- **What you will do**:
Return the stretch from the line with "近日涪陵榨菜迎来了185家机" through the line with "Soft embroidery with" in the data below, character for character, skipping all pictures.

- **Input data**:
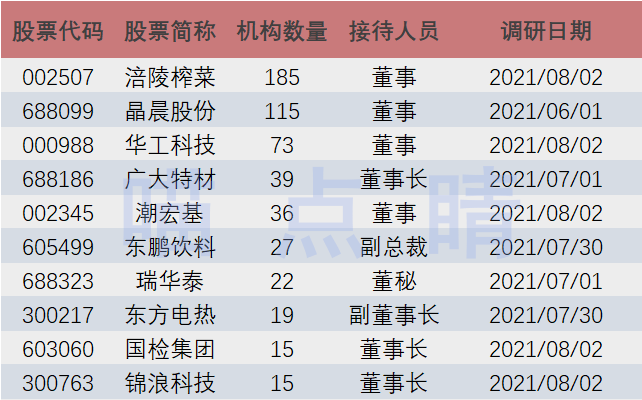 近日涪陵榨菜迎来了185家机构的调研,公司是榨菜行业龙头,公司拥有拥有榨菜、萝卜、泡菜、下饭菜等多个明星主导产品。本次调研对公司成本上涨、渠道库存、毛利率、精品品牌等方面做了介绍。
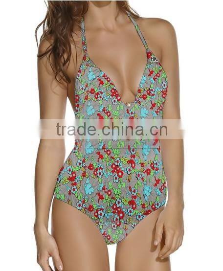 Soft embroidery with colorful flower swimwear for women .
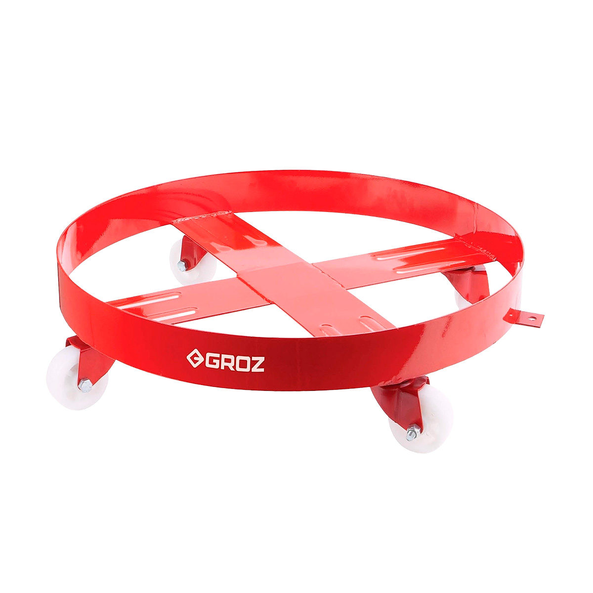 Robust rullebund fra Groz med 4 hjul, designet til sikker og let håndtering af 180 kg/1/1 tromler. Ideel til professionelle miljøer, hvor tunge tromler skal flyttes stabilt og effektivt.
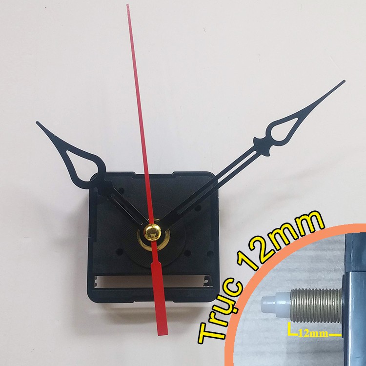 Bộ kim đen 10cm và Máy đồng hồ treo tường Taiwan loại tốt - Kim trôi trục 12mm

* * *

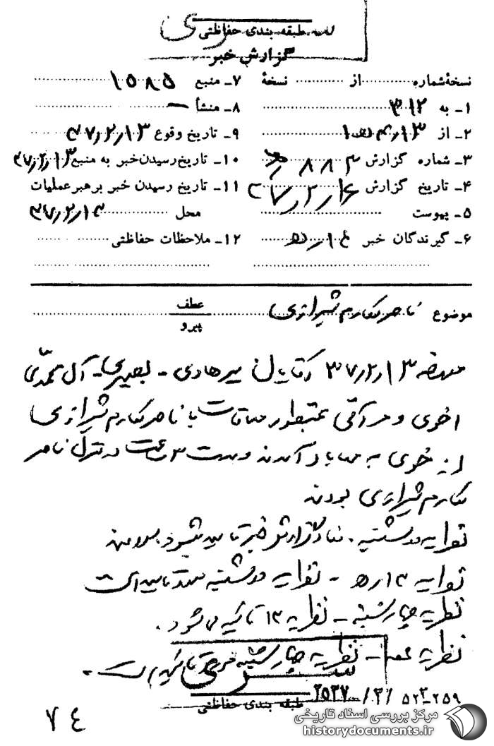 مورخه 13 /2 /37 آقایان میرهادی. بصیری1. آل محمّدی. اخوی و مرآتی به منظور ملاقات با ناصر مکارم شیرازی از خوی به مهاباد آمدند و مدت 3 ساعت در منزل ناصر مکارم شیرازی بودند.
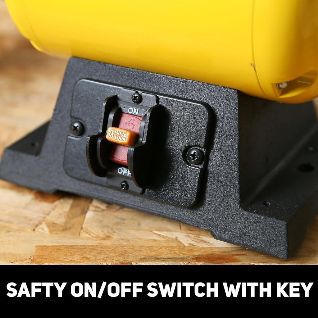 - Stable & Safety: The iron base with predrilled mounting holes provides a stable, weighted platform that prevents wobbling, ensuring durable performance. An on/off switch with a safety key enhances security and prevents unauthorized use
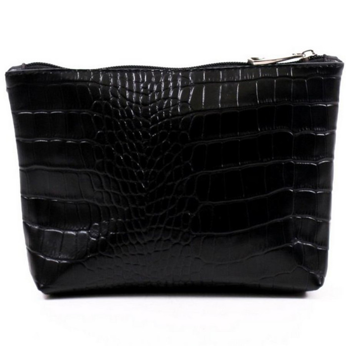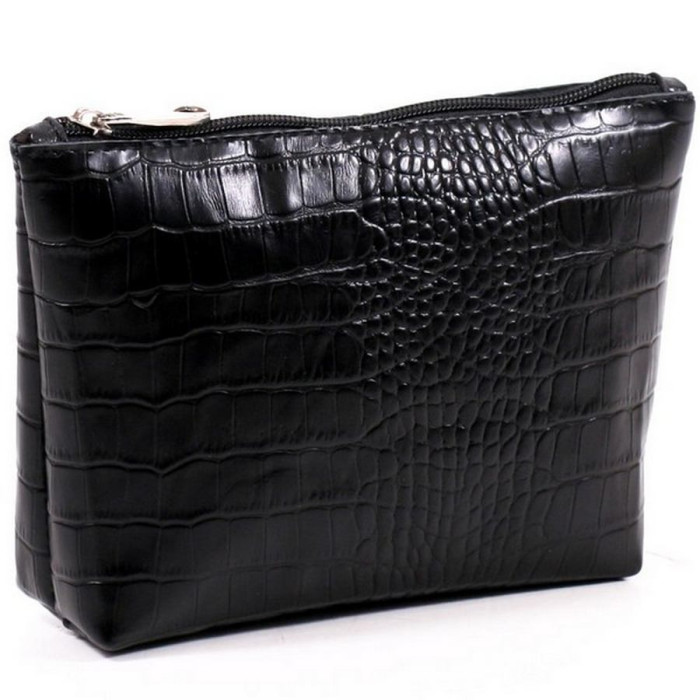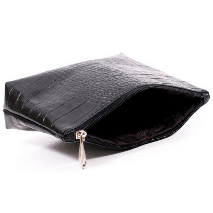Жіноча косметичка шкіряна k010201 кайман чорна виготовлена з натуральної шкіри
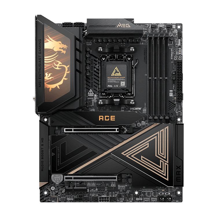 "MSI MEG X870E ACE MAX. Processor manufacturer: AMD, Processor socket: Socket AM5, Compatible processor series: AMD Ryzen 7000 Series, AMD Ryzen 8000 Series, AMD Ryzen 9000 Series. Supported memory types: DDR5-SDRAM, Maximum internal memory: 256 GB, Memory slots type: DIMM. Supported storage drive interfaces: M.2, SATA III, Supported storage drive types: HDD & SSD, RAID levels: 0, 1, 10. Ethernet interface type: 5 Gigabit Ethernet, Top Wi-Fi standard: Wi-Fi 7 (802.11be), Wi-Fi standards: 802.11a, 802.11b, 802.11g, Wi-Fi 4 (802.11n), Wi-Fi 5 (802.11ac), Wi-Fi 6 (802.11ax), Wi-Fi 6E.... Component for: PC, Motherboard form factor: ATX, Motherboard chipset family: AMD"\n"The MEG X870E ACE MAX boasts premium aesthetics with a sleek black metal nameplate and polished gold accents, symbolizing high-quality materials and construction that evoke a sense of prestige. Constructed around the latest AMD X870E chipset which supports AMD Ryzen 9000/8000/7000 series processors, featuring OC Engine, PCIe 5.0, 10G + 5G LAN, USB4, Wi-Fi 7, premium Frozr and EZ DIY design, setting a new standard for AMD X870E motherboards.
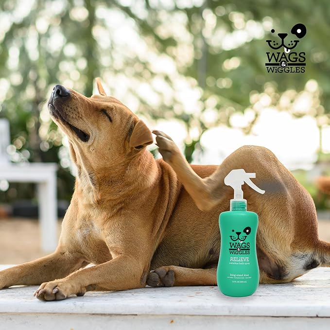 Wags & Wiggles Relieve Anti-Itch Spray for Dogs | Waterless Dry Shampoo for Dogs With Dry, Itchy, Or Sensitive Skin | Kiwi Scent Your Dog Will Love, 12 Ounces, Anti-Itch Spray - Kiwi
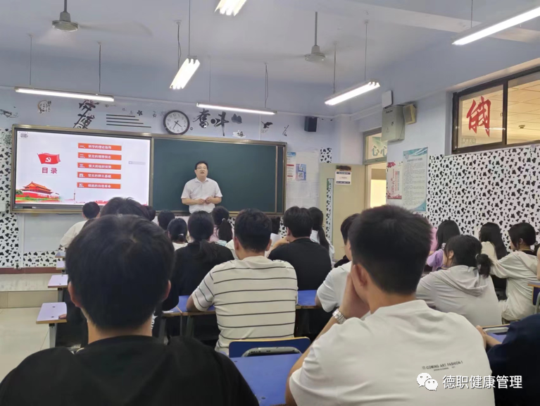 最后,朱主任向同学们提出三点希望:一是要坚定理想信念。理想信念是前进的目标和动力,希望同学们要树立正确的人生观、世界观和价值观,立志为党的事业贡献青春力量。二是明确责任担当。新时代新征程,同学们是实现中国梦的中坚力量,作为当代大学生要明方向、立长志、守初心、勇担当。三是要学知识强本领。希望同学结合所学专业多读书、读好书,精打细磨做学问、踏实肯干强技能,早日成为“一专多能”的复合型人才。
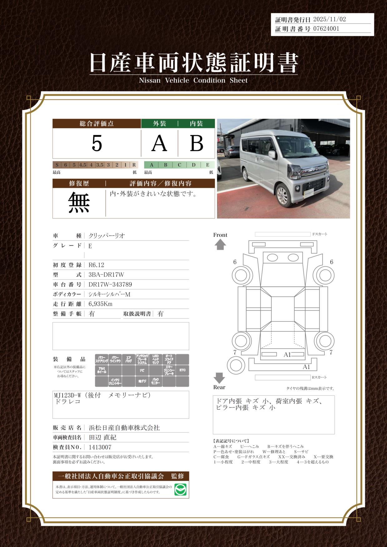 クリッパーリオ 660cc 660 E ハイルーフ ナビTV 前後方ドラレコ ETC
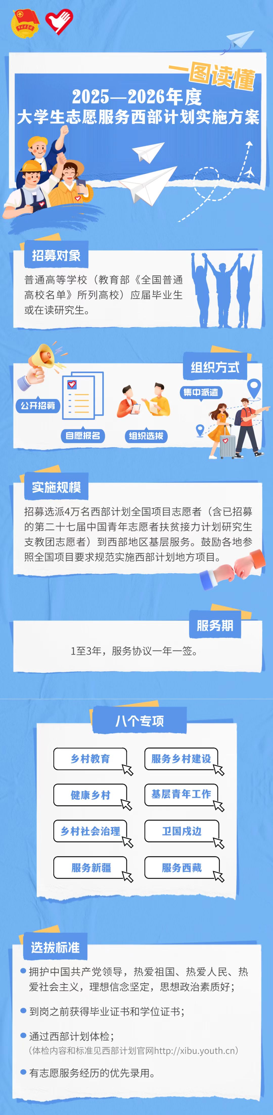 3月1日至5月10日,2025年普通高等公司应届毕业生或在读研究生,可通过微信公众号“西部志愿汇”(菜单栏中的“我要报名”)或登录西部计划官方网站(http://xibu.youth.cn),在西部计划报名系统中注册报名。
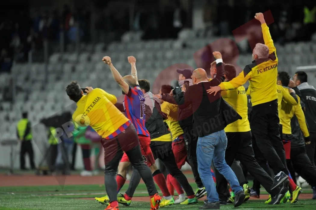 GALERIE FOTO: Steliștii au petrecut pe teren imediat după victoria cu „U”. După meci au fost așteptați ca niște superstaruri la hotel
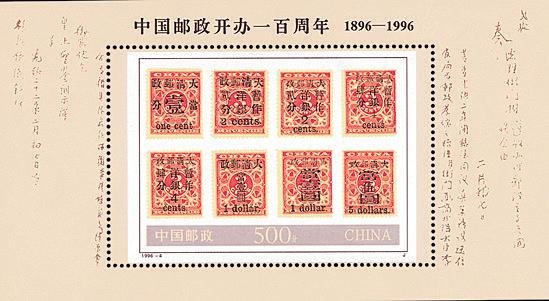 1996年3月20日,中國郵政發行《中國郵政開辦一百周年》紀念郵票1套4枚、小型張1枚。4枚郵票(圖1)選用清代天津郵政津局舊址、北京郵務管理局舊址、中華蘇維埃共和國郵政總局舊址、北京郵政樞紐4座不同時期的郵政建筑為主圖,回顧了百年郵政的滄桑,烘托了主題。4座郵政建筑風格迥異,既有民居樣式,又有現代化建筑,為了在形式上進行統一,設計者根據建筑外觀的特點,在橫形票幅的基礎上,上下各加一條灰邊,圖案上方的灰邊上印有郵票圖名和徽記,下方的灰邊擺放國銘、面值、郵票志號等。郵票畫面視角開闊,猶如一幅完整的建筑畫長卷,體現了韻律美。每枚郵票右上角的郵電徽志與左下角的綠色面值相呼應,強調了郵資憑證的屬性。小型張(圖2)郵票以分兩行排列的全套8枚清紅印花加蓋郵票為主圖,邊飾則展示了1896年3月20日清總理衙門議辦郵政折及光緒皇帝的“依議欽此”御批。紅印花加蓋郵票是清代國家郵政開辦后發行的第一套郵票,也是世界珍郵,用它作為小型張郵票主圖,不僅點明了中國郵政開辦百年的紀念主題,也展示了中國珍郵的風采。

- **Task result**:
 近日涪陵榨菜迎来了185家机构的调研,公司是榨菜行业龙头,公司拥有拥有榨菜、萝卜、泡菜、下饭菜等多个明星主导产品。本次调研对公司成本上涨、渠道库存、毛利率、精品品牌等方面做了介绍。
 Soft embroidery with colorful flower swimwear for women .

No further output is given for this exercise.